Aaron Jeavons

Personal information
- Full name: Aaron Francis Jeavons
- Born: 23 April 1989 (age 37) Stafford, Staffordshire, England
- Nickname: Jeavo
- Batting: Left-handed
- Bowling: Right-arm off break

Domestic team information
- 2010–present: Staffordshire
- 2010: Oxford MCCU

Career statistics
| Competition | First-class |
| Matches | 1 |
| Runs scored | 66 |
| Batting average | 33.00 |
| 100s/50s | –/1 |
| Top score | 62 |
| Balls bowled | – |
| Wickets | – |
| Bowling average | – |
| 5 wickets in innings | – |
| 10 wickets in match | – |
| Best bowling | – |
| Catches/stumpings | 1/– |
- Source: Cricinfo, 23 September 2011

= Aaron Jeavons =

English cricketer

Aaron Francis Jeavons (born 23 April 1989) is an English cricketer. Jeavons is a left-handed batsman who bowls right-arm off break. He was born in Stafford, Staffordshire and educated at Walton High School in Stafford.
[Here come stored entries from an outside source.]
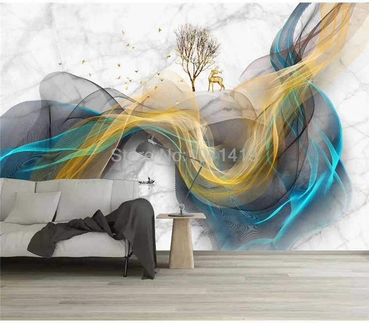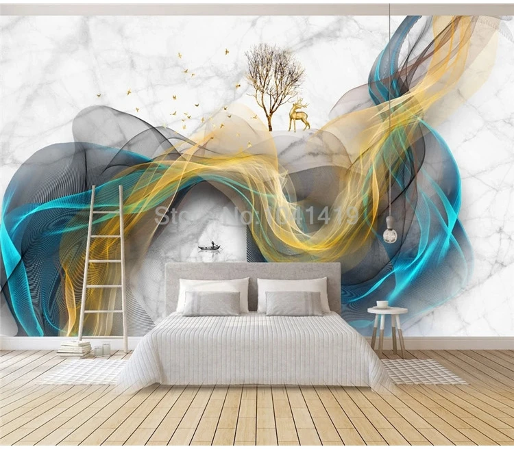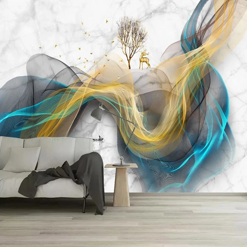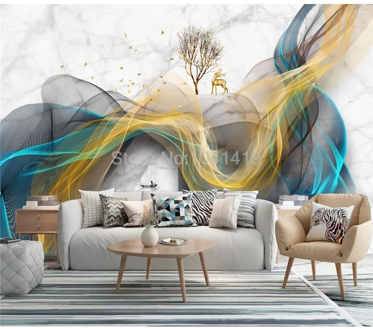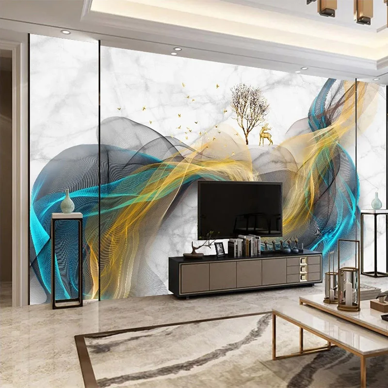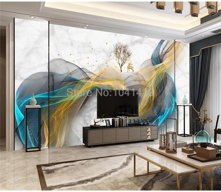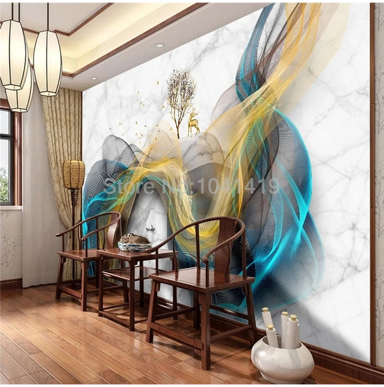 На заказ Настенные обои в китайском стиле современный светильник Роскошные абстрактные линии чернила пейзаж обои Пейзаж 3D домашний декор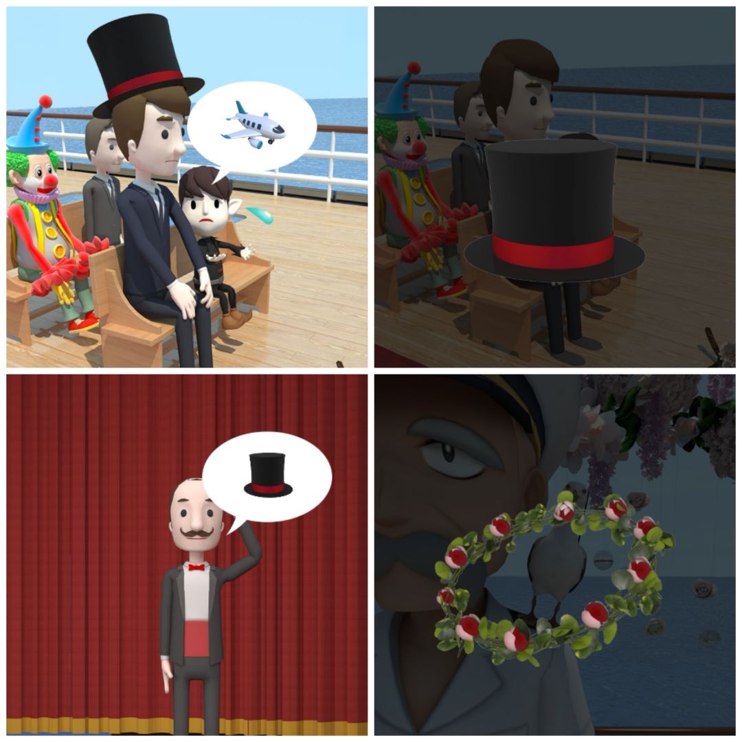 24. 把飞机给小朋友,得到帽子,把帽子给台上右边的人,然后在司仪身上拿到花环。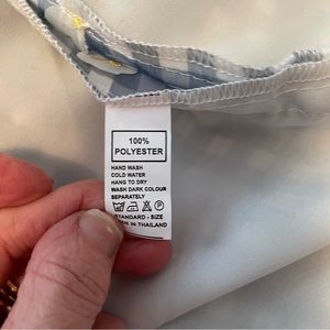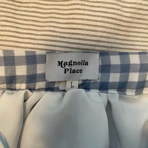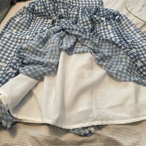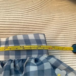 Unique Vintage Magnolia Place. Blue gingham knee-length skirt & sewn on flowers.

While studying for his degree at Oxford Brookes University, Jeavons made a single first-class appearance for Oxford MCCU against Middlesex in 2010. In this match, he scored 62 runs in the Oxford MCCU first-innings, before being dismissed by Ravi Patel. In their second-innings, he was dismissed for 4 runs by Thomas Hampton. During the 2010 season, Jeavons also made his debut for Staffordshire in the Minor Counties Championship against Suffolk. To date he has made ten Minor Counties Championship appearances and a single MCCA Knockout Trophy appearance, which was made against Northumberland in 2011.